Lily smiled in relief and bent her head to rest it against Sirius's chest. Her arms went around him in the embrace of an old friend. From somewhere behind him came a vicious hiss. Something, something large and strong and furious, wrenched Lily away and tossed her toward the pane of nothing. Regulus loomed over Sirius, his eyes filled with rage.

'No!' screamed the little old wizard, frowning at Lily. 'Keep her away!'

'Fleshie!' the little girl screamed, apparently in agreement.

Sirius's hope was starting to fade like the colour from Lily's face. It was being replaced by horror and resignation. 'Harry...' he whispered sadly, looking down at the grey ground. He didn't hear when Lily whispered it feebly back at him.

'You've all waited too long!' a tall, stately female shade declared, breaking away from the crowd and marching purposefully toward Sirius. 'I don't intend to waste this one!'

'Nooo!'

A dark grey blur burst through the fat shade in the evening dress, tumbling to a skidding halt directly between Sirius and the other shade. Sirius looked up at it quickly, shocked to find what he did.
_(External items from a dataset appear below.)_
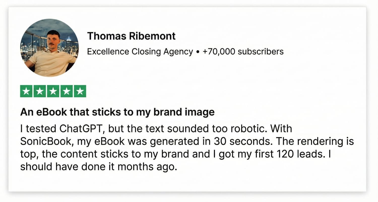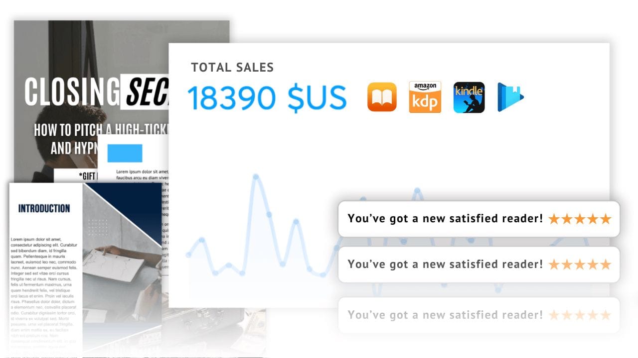 Publish in 1 click on any platform (83% of users generate their first $1,000 in 30 days with their eBook).
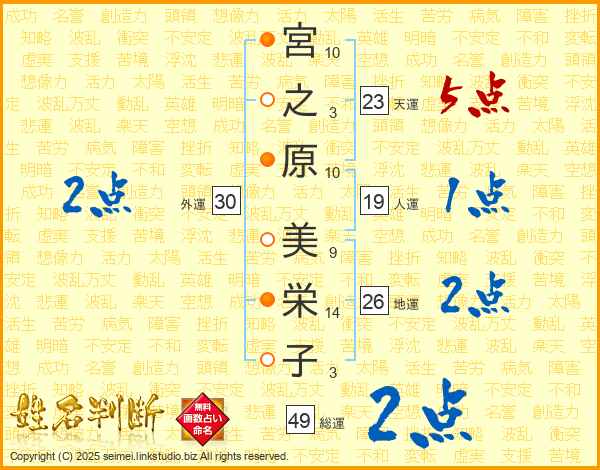 宮之原美栄子さんの総運は49画の2点!
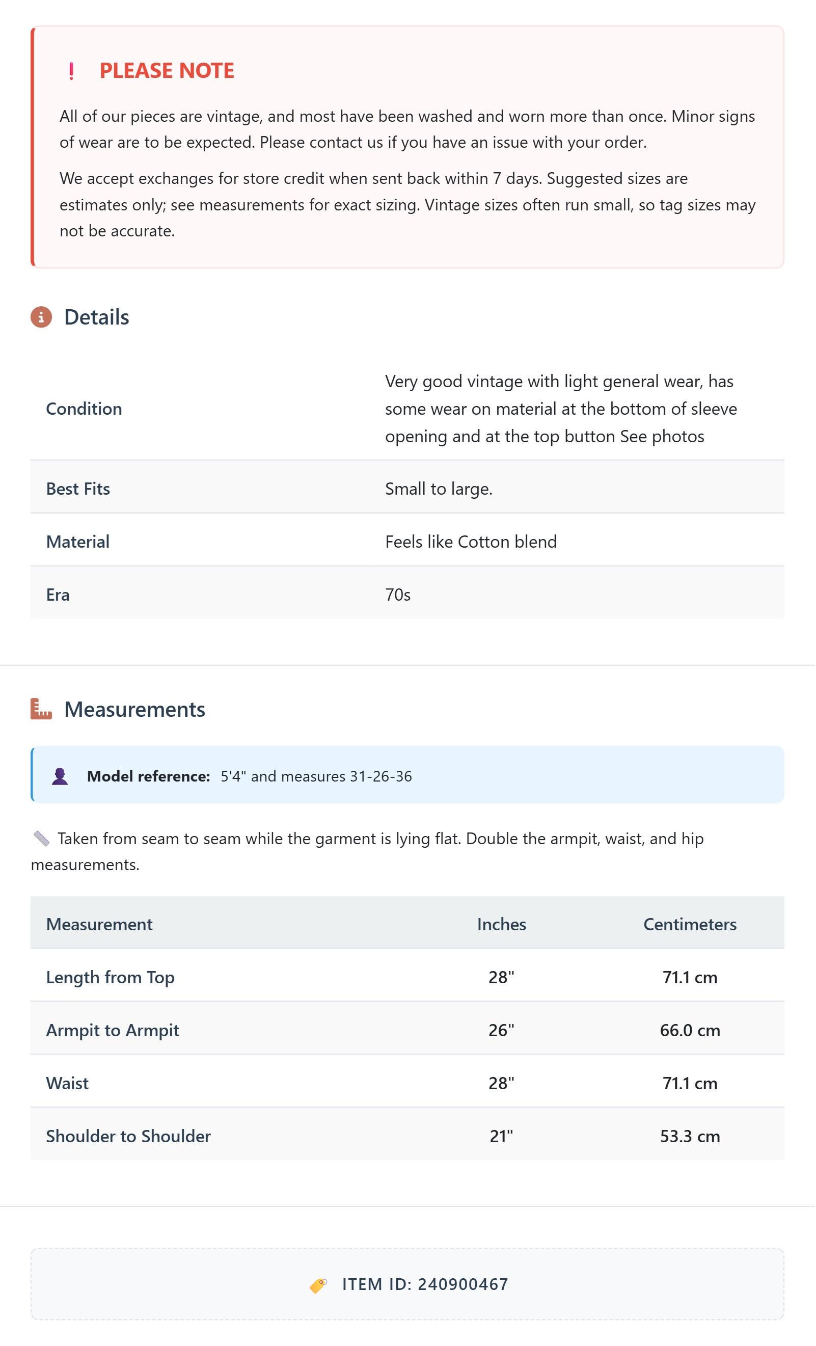 All of our pieces are vintage, and most have been washed and worn more than once. Minor signs of wear are to be expected. Please contact us if you have an issue with your order. We accept exchanges for store credit when sent back within 7 days.
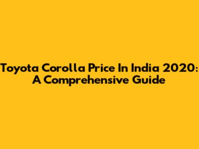 Toyota Corolla Price In India 2020: A Comprehensive Guide
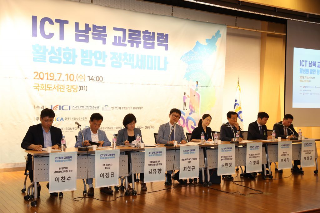 [연구원소식] "ICT 남북 교류협력 활성화 방안 정책세미나" 개최■ 일 시 : 2019. 7. 10. (수), 14:00 ~ 17:00 ■ 장 소 : 국회도서관 강당 ■ 참 석 자 : 노웅래 국회의원, 김성수 국회의원, 이정구 정보통신산업연구원장, 정상호 정보통신공사협회 중앙회장, 최현규 통신과학기술연구협의회 회장 등 204명 참석 ■ 주요내용 o 남한의 발전된 ICT 인프라와 기술을 활용한 다양한 남북 경제협
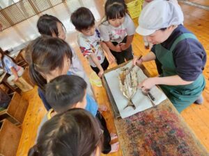 お台所の先生たちが『大きな青魚』を焼いてくれ、みんなで美味しくいただきました。
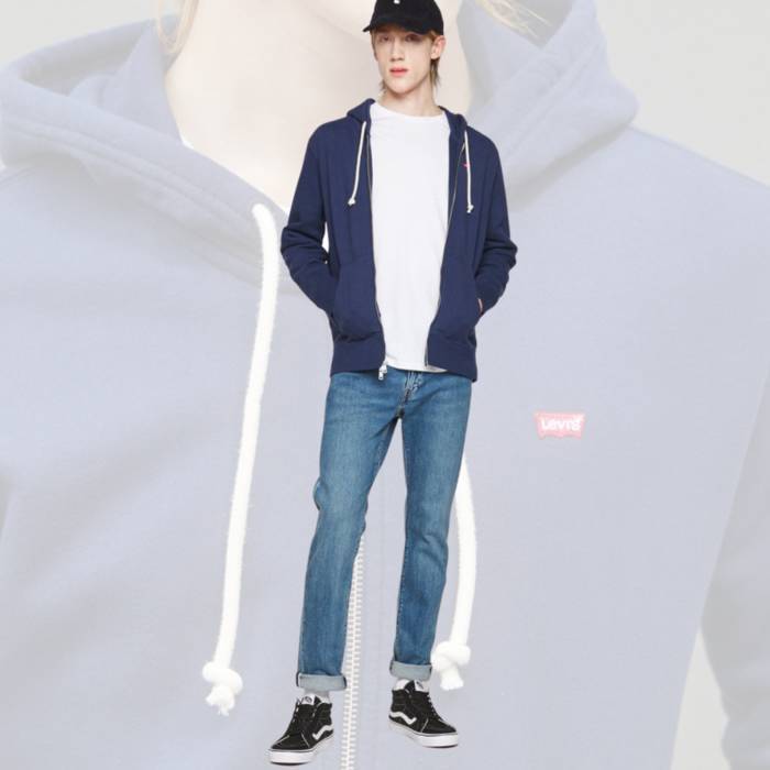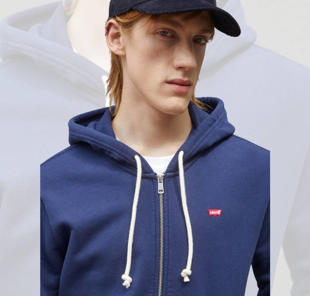 Levisen jertse polita, grixan edo urdin-kolorekoa, oso mesedegarria, ezkerrean Levisen mini logo gorria duena; ezin hobea bai neguan beroki azpian eramateko, bai udaberrian eta baita udazkenean ere. Modelo honek kaputxa du, kontrastatutako soka zuriarekin, eta oso gazte-kutsua ematen dio. Behetik gorako kremailerak oso praktiko egiten du, eta jaka edo jertse gisa eraman dezake.
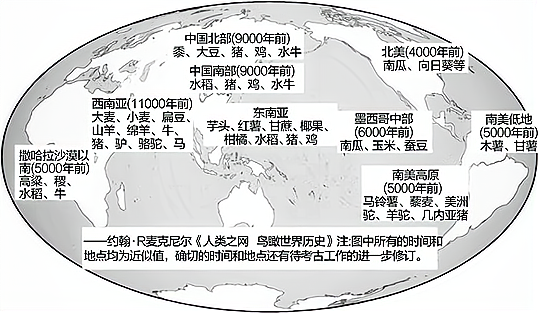 (1)奥杜威砍砸器(2)奥杜威手斧(3)冰河时代野牛岩画(4)克洛维斯矛头(5)澳洲土著居民的篮子(6)绳纹陶器(7)鸟形杵(8)公牛头纹碗(9)埃及化妆品调色板(10)喀帕苏斯女性雕像(11)玉斧(12)玉琮

It was James Potter -- or, at least, used to be James Potter. Now it was only a fragile, wispy shadow of him. But either way, it was another familiar face to Sirius. And Sirius got the impression that this one wasn't all that in to fleshies, either.

'What do you think you're doing?' snapped the woman, her grey face contorted in anger. 'Move aside!'

'No,' repeated James, standing as firmly as almost-fog could. 'I won't let you, not to him.'

Sirius didn't try to hide it when the tear leaked out. Somehow, having James in front of him, knowing that he didn't need any spoken names to bring him back, made Sirius feel a lot safer.
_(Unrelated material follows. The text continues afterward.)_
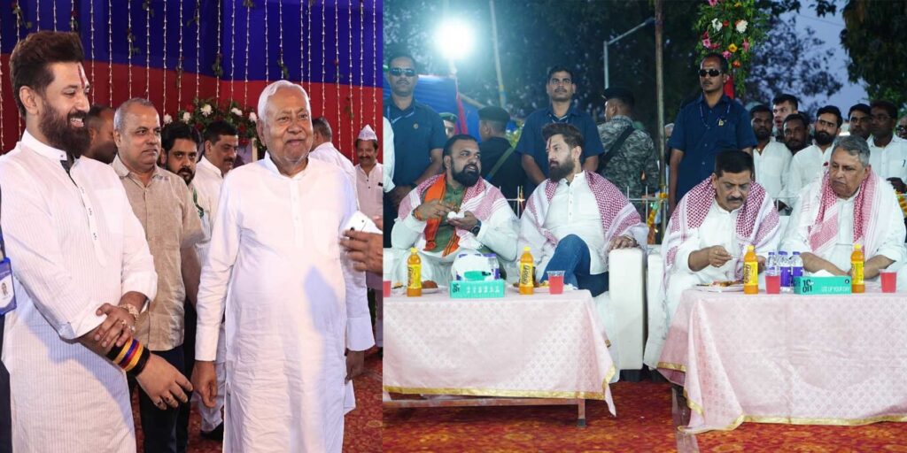 पटना। राजधानी के शहीद पीर अली मार्ग स्थित लोक जनशक्ति पार्टी (रामविलास) के प्रदेश कार्यालय में सोमवार को आयोजित दावत-ए-इफ्तार सियासी मेल-मिलाप का केंद्र बनी। इस आयोजन में बिहार के मुख्यमंत्री नीतीश कुमार विशेष रूप से शामिल हुए, जहाँ मेजबान और केंद्रीय खाद्य प्रसंस्करण उद्योग मंत्री चिराग पासवान ने गर्मजोशी से उनका स्वागत किया।
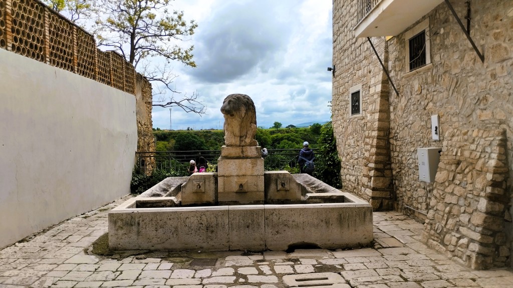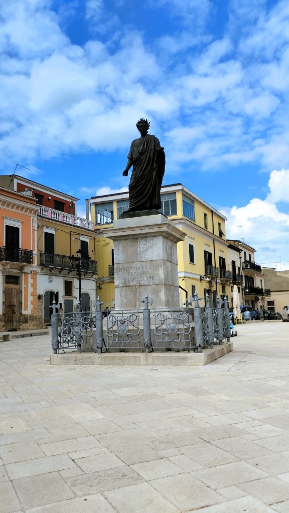 Ci spostiamo nel paese e andiamo alla ricerca della fantomatica casa di Orazio, di fatto non vi è alcuna testimonianza reale che quel luogo sia stato la dimora effettiva del poeta. Una volta arrivati, possiamo constatare che si tratta di un edificio di epoca romana aperto al pubblico, ma non ha affatto le sembianze di una casa a causa della forma circolare. Ci spingiamo nei vicoli e attraversiamo le strade, incontrando la Fontana angioina, che rappresenta l’ingresso nel centro storico, da qui ci spostiamo verso il Castello Aragonese, prima però ci fermiamo ad ammirare la statua del poeta nella piazza a lui dedicata.

'You... won't let us?' sputtered Regulus, trying to push past James and get at Sirius. 'That's the most ridiculous --'

Silently, James put a hand on his chest and pushed him backwards. For a moment, Regulus and the woman behind him meshed together in a mass of shadow, then they reformed, and toppled to the ground.

James's voice was firm, and warm. 'Yes. Won't let you. You're not getting him.'

The hairs on the back of Sirius's neck rose, and he whipped his head around to see the little girl, grinning toothily at him. Her hands were up, prepared to snake around his neck. Then Lily's hand appeared, and tried to slap the girl's away. She received a hiss and a snarl for her trouble.
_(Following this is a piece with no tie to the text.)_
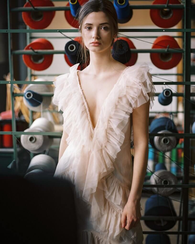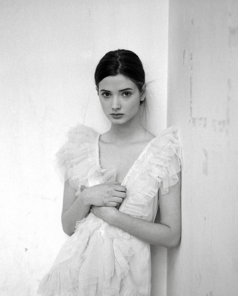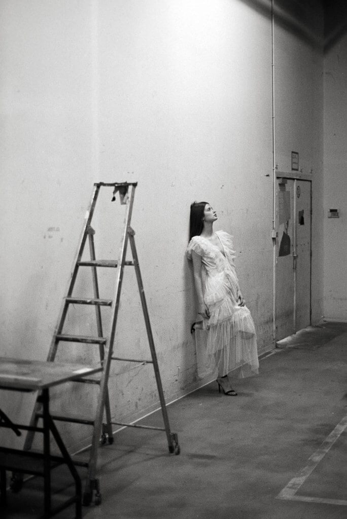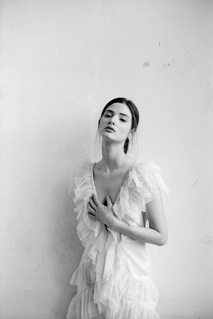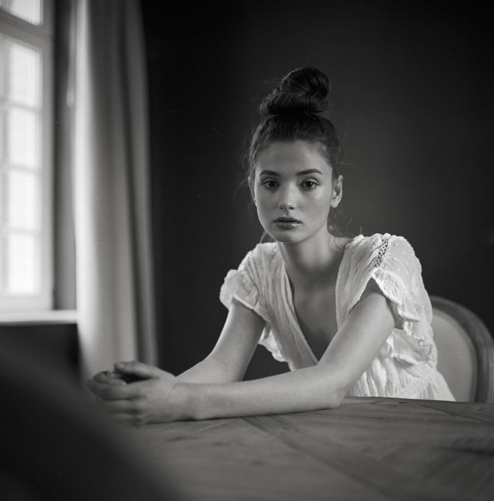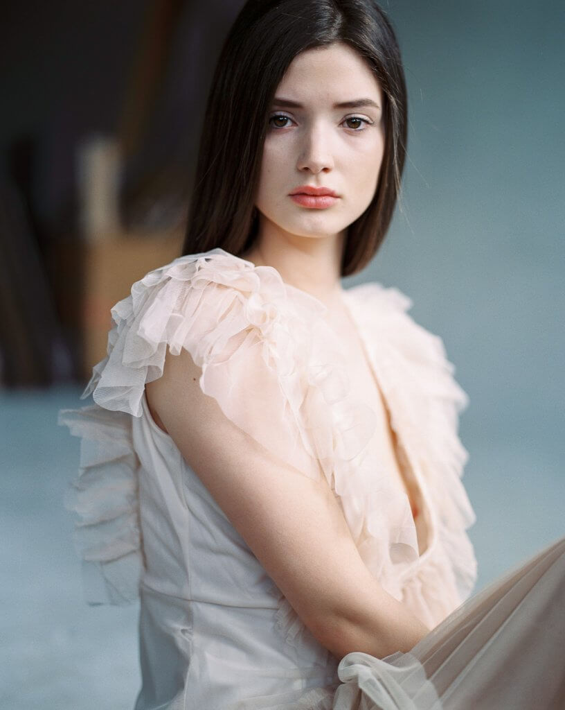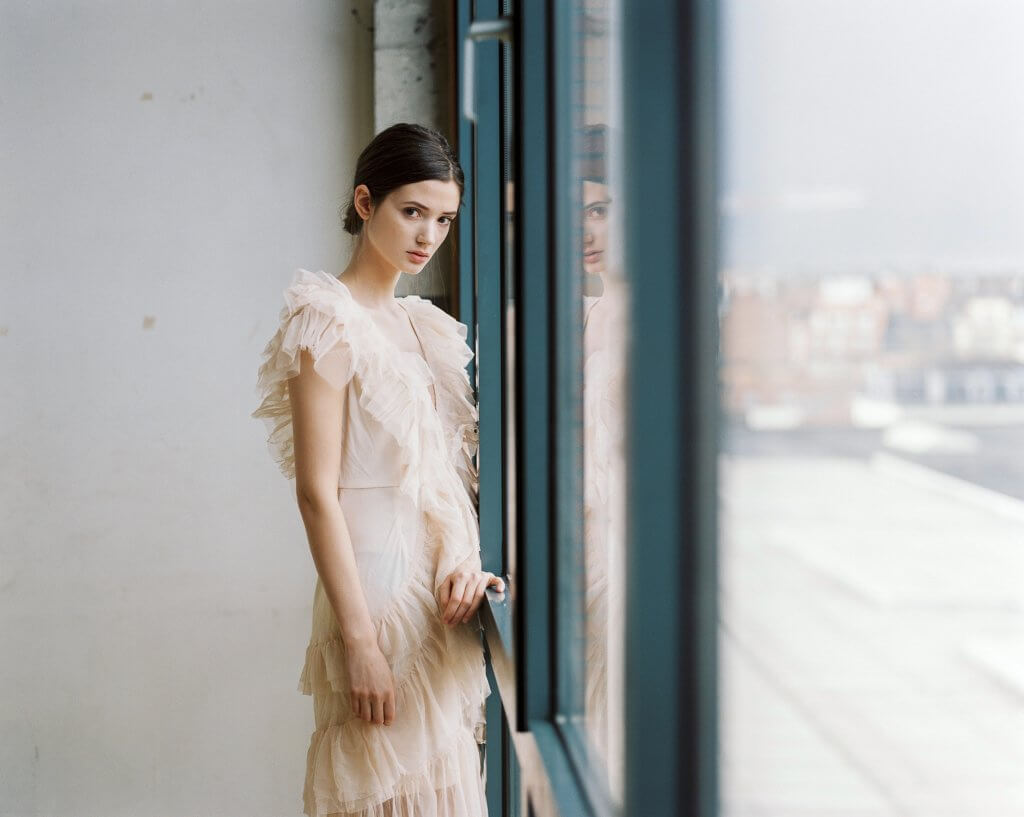 In order to make best use of the day we decided to book this artist workshop in Brussels-Molenbeek as location and to get a second model. We planned to shoot 2 hours with Manon and 2 hours with the other girl (that never showed up). When Manon walked in, she was much prettier than expected. When she put on the dress Stephanie took to the shoot, and tied her hair together I was sufficiently inspired to shoot – wow!!

'Sirius.' It was James again, speaking very quietly but clearly. 'You have to fight back. Not even having a shadow on your side can help you unless you're willing to do something for yourself.'

'But...' Sirius felt helpless, with the gazes of so many things upon him. 'There's nothing I can do!' The little girl laughed in his ear.

'Pretty man... but so silly.'

His disgust -- at having let himself get hit by Bellatrix's curse, at being stupid enough to fall through the Veil, at the proceedings since, at everything -- suddenly seemed more than he could take, and he had to get it out. 'Get away from me!' He threw up his hands and batted at the girl.

She didn't fall away, as he'd expected her to. His hand passed through her.

Everything seemed to stop.

'I hate that,' cursed the spindly old man, shaking his head. Little bits of it were falling away, dissolving into vapor. That was when Sirius noticed that everyone but Lily and James were disappearing.

'What's going on?' Sirius asked of James, bemused. James only beamed at him, starting to fade as well.

He couldn't have that.

'No! What are you doing? You can't go! Stop!' he cried, frantic again. He dove toward James, trying grab hold of him and keep him from leaving. But you can't hold mist and you can't cling to fog, it just doesn't work. James passed through his fingers like the little girl had. 'James! Prongs! Don't leave me!'

'We have to, Sirius,' Lily whispered. 'You've vanished us when you vanished the others. You've won, don't you see. We can't all stay together, not yet...'

'But... but... I want to!' he protested, realising after he said it that he meant it.

'No,' James snapped. 'I gave you a responsibility in my son, Padfoot. Get your arse out there and fulfill it.'

Lily smiled. 'All you have to do is find your way out.'

And then they were both gone.

And Sirius was alone.

In the mist and the fog.

And he had no clue what he was supposed to do.